### EXERCISE
Repeat the lines from the line with "Multidom Klietka pre" to the line with "AI已正式進入業(yè)務場景。阿斯利康利用AI Agent (AIDA)" in the listing below, keeping both end lines and adding nothing.

### MATERIAL FOR THIS EXERCISE
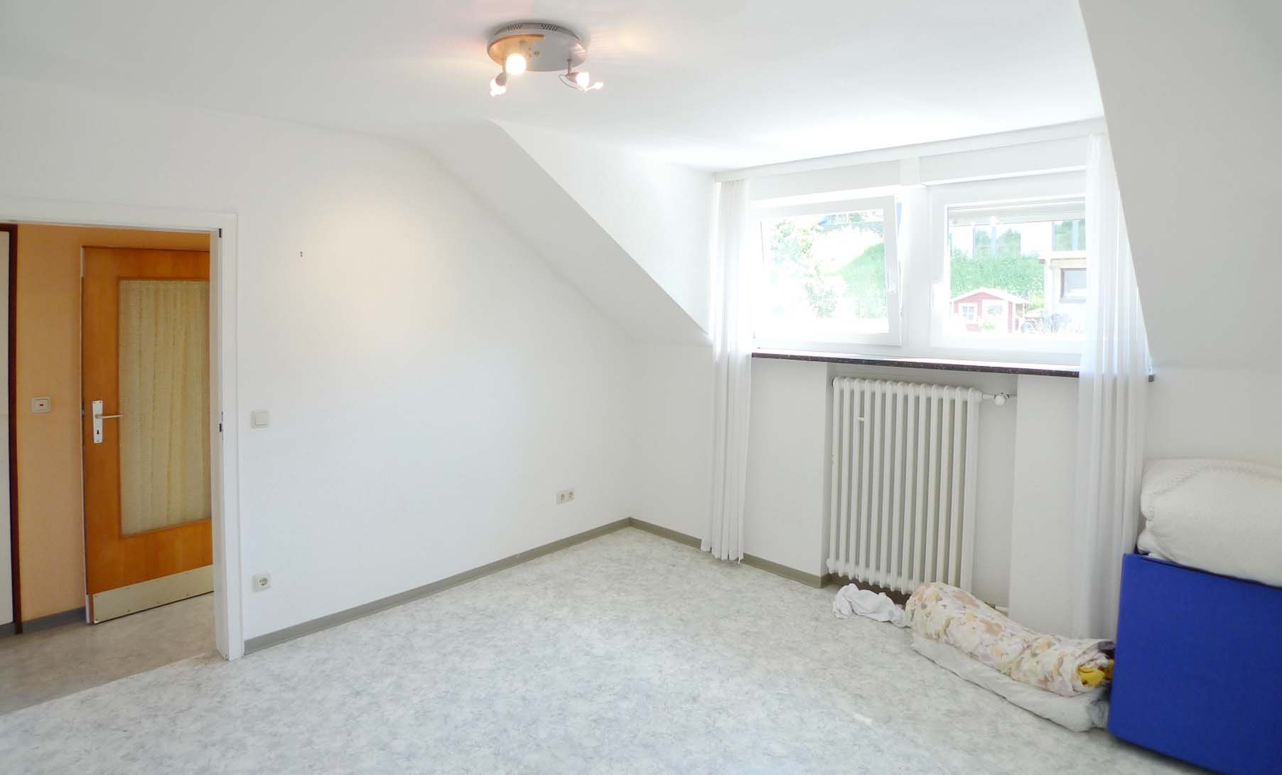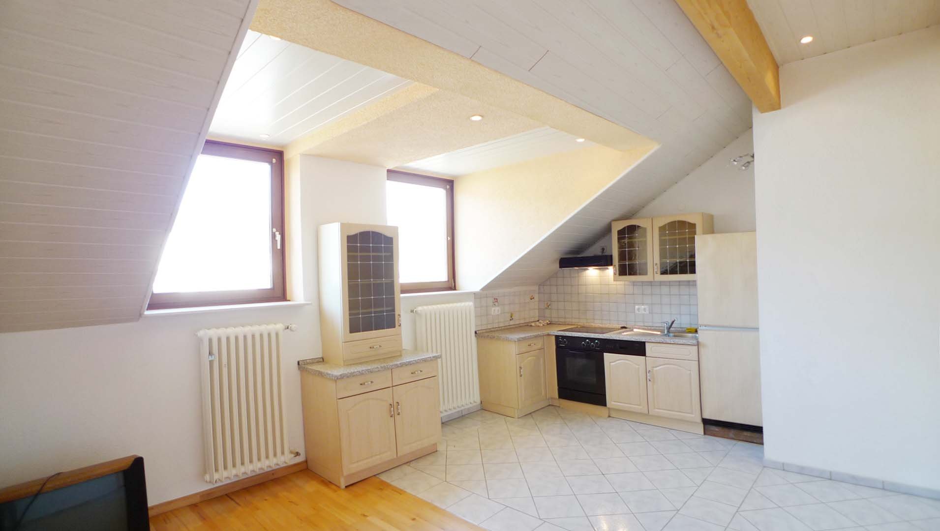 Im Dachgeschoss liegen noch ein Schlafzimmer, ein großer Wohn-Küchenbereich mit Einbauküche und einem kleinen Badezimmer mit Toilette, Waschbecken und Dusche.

==

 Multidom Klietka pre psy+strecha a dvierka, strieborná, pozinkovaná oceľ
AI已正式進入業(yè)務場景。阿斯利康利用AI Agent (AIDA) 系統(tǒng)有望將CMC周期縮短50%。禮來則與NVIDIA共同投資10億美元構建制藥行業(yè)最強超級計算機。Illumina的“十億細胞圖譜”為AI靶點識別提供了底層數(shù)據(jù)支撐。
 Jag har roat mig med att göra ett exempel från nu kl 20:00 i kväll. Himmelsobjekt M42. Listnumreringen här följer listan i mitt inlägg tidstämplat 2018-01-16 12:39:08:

### EXERCISE SOLUTION
 Multidom Klietka pre psy+strecha a dvierka, strieborná, pozinkovaná oceľ
AI已正式進入業(yè)務場景。阿斯利康利用AI Agent (AIDA) 系統(tǒng)有望將CMC周期縮短50%。禮來則與NVIDIA共同投資10億美元構建制藥行業(yè)最強超級計算機。Illumina的“十億細胞圖譜”為AI靶點識別提供了底層數(shù)據(jù)支撐。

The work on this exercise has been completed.